All of these terms, which I often use interchangeably, refer to ways of seeing and interpreting the world around us. As I say, most of them are harmless and even useful ways of getting through the day. Some, however, are ways we fool ourselves, or permit ourselves to be fooled, about what is really going on. William James said, “A great many people think they are thinking when they are merely rearranging their prejudices.”
In human rights litigation, and indeed in all law practice, we must deconstruct the myths that have grown up around our clients, the groups to which they belong, and the conduct attributed to them. Based on our client’s race, social class, sexual orientation, or some other characteristic, the state rationalizes its treating our client especially harshly.

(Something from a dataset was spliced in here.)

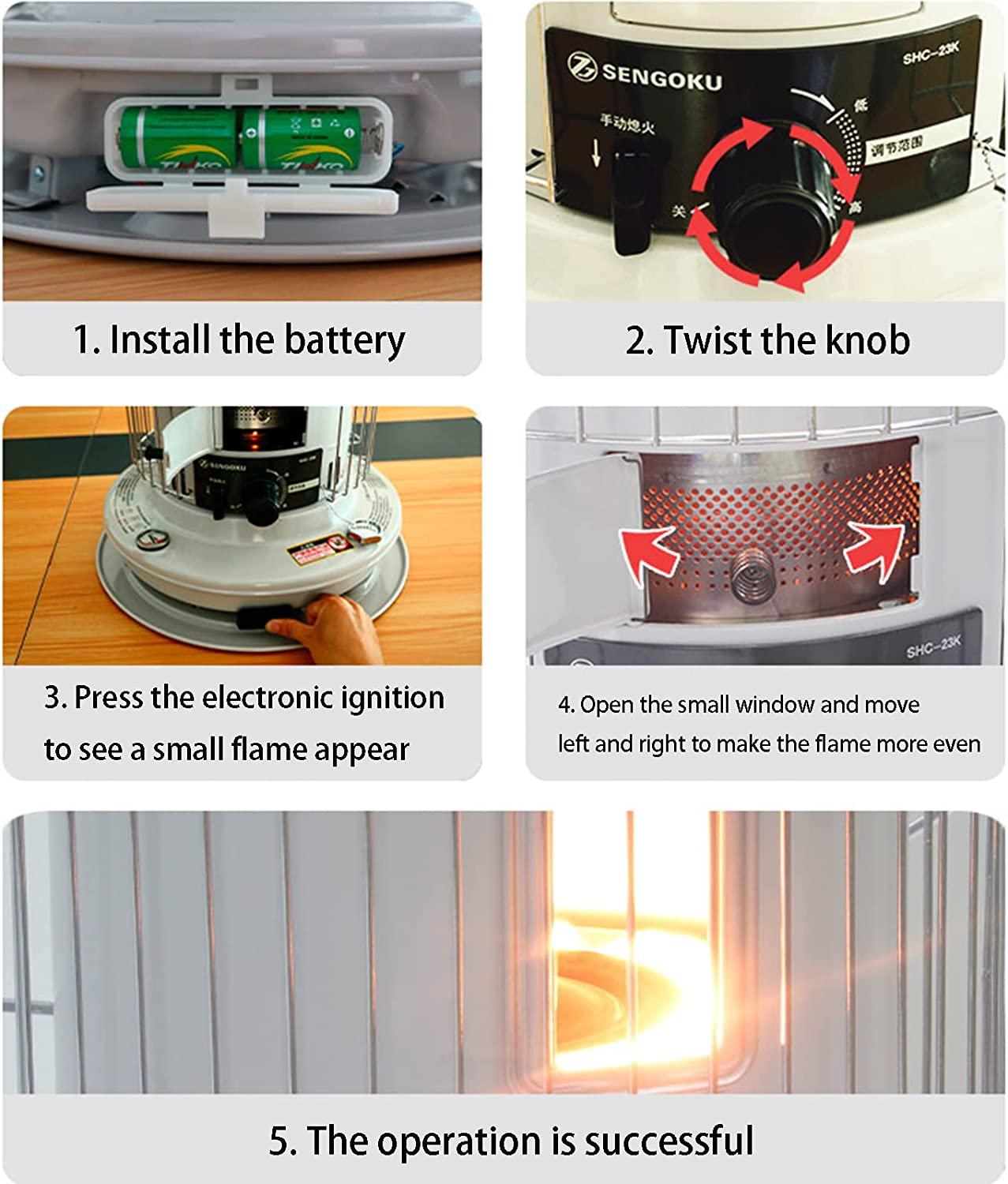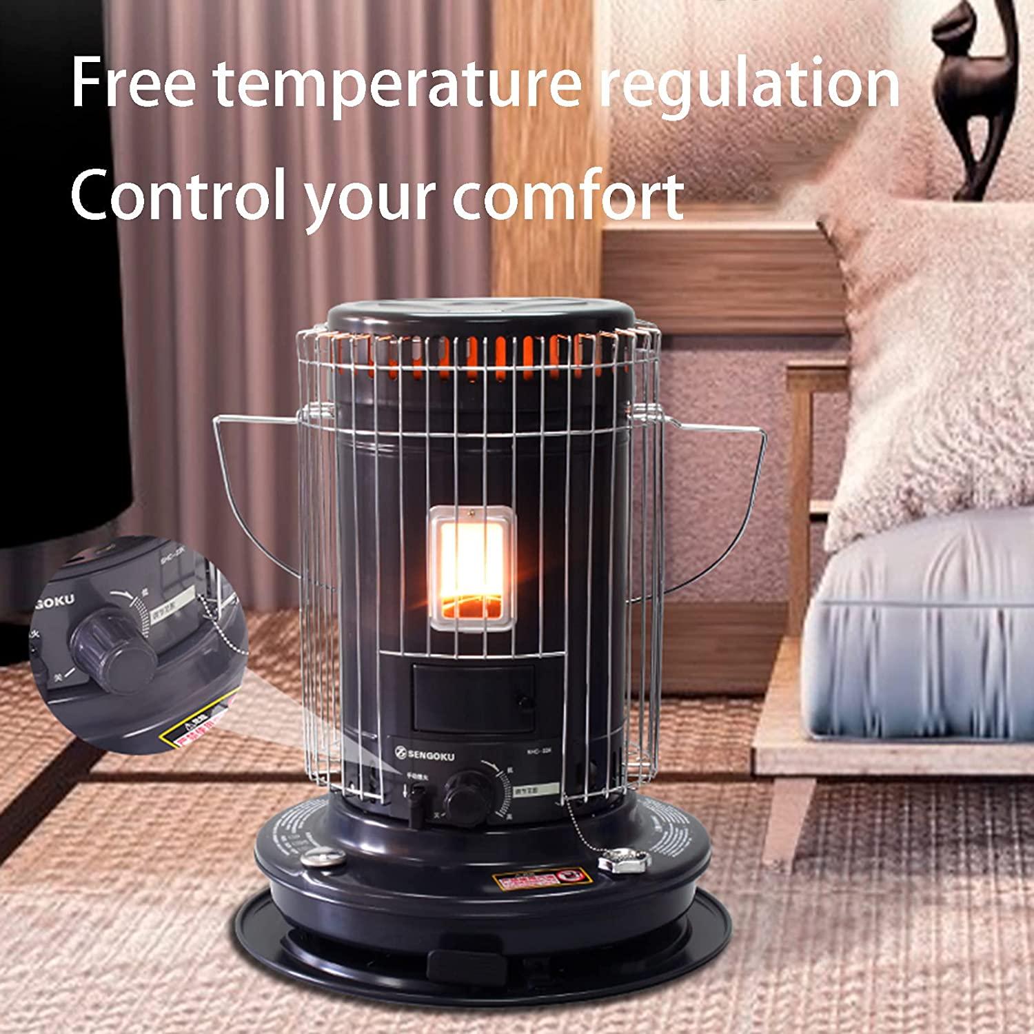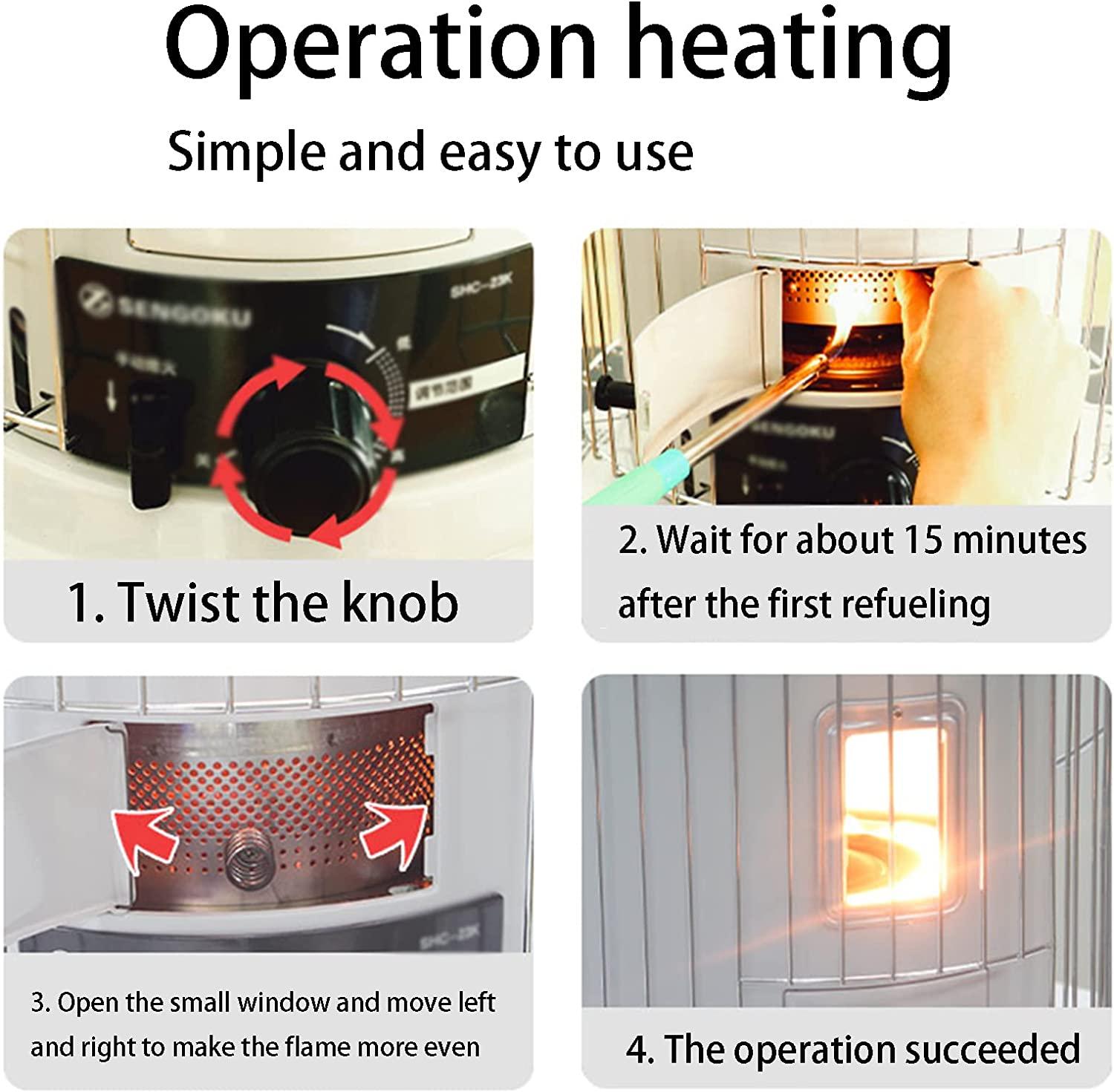 - MORE EFFICIENT KETROLEUM HEATING: The combustion chimney of the indoor portable kerosene stove without electricity is made of special metal so that the kerosene is burned completely and the heating is faster and more efficient
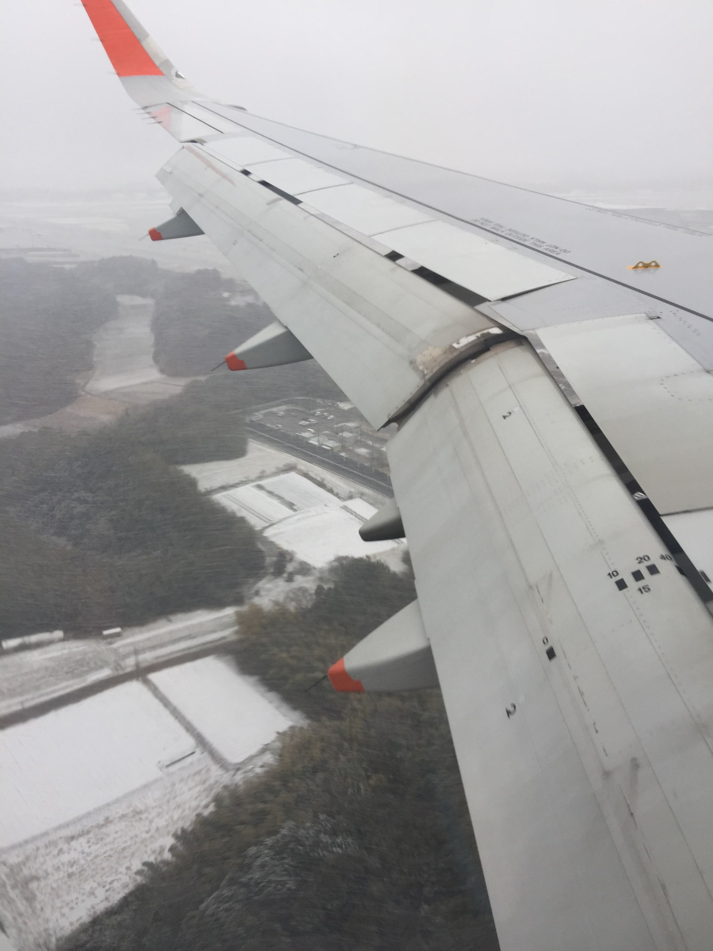 1時間ちょっとの短いフライトであったが、着陸前、窓から外を見るとなんだか天気が変だ。

When we litigate cases, we confront not only the evidence adduced and the legal principles being argued, but also the socially, culturally, and historically determined attitudes of judges and jurors. In a jury trial, we use voir dire to uncover those. We look up the biographies and prior decisions of judges.
I am a human rights lawyer. My most important task is to expose, analyze, and combat the mythologies that dominate legal ideology. These mythologies form a systematic justification for the way that state power and private economic power is wielded. The essays in this book focus on how mythologies may be understood and exposed. This “myth-busting” lies at the heart of the lawyer’s work. We undertake to represent clients who are marginalized. To borrow a phrase from artist and art critic John Berger, we mediate between what is given and what is desired.
The essays in this collection address five groups of mythologies that help to rationalize the present system of social relations: racism, criminal justice, free expression, worker rights, and human rights. They deconstruct what the state and the wielders of monopoly power tell us, in order to seek out what is really going on.
Throughout these essays, I repeat a theme: the law is not what it says, but what it does. What “it does” is so often based on assumptions that time and the tide of events have shown to be false. Karl Marx wrote, “The law shows its a posteriori to the people, as God to his servant Moses.”3 As Anatole France famously wrote: “‘The majestic equality of the laws, which forbid the rich as well as the poor to sleep under bridges, to beg in the streets and to steal bread.”
The “law” is itself an ideology, constructed to define, defend, and enforce a system of social relations. Its mythologies are enshrined as precedents. Jonathan Swift wrote in Gulliver’s Travels:
It is a maxim among these lawyers, that whatever hath been done before may legally be done again: and therefore they take special care to record all the decisions formerly made against common justice and the general reason of mankind. These, under the name of precedents, they produce as authorities, to justify the most iniquitous opinions; and the judges never fail of decreeing accordingly.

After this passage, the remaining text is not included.